As the Spring Meeting and its panoply of side events wind to a close, the recurring theme yet again is “more money” for the world’s poor. A point made with refreshing clarity by the World Bank’s President: “No amount of creative financial engineering will compensate for the fact that we just need more funding.”
There is always much talk and jargon about “reform” of the “global development finance architecture” but it all boils down to convincing richer folks in the “Global North” to release more cash to relatively poorer folks in the “Global South”.
That convincing has had many ups and downs.
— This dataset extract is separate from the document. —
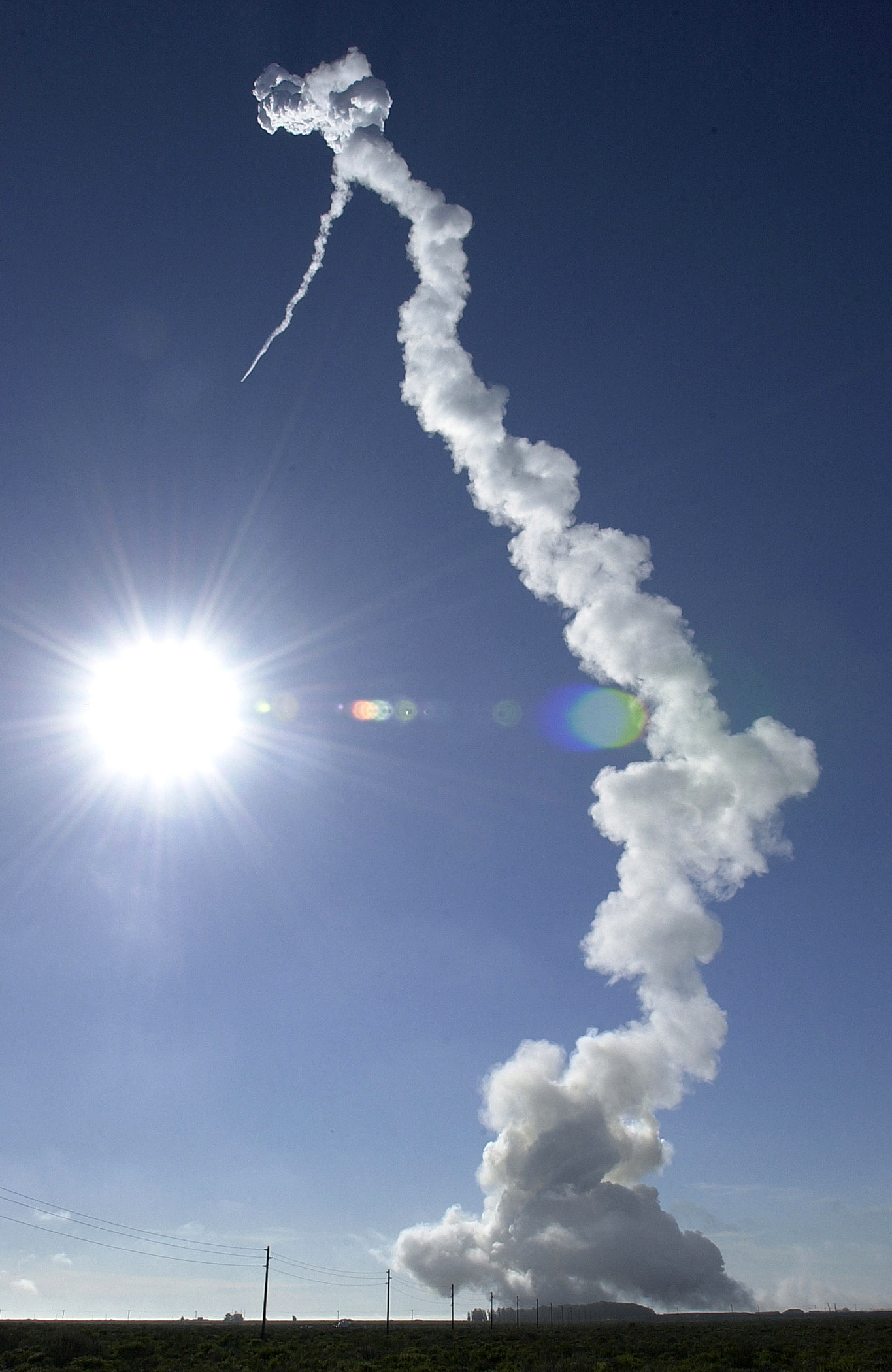 "Vandenberg successfully launches Delta II. A Delta II rocket carrying a National Reconnaissance Office satellite successfully launches Dec. 14 from Space Launch Complex-2 at Vandenberg Air Force Base, Calif."

Whilst the World Bank has celebrated the replenishment of its grants and soft loans pot, the IDA, in 2021 as the biggest ever in history, and is looking forward to an even bigger inflow for the next replenishment cycle (which will be known as IDA21), development activists at the global level point to the massive gap between the $5 billion more per year the Bank committed to spend recently and the trillions of dollars experts say are needed to align needs in the developing world with the climate and resilience agenda ($4 trillion, says the UN).
For those of us whose activism mostly focuses on the country level, though, we sense a major gap in the global discourse: when the likes of the World Bank get more money, that doesn’t necessarily translate to bigger and better investments in developing countries. Various factors much closer to home than in Washington appear to conspire and create a “constriction” in the flow of allocated money. Attempts to clear up the pipe and speed up “disbursements” of the money, on the other hand, can lead to a deterioration in the quality of development projects and compromise the impact on people’s lives.
To examine this idea carefully in Ghana, the prime focus of my policy activism, I have been painstakingly probing the outcomes of the World Bank’s investments there over the last two decades for a paper that has just been published by Paris-based Finance for Development Lab (FDL).
I conclude that the results presented by the World Bank’s reports on these investments substantially deviate from the reality on the ground about 70% of the time.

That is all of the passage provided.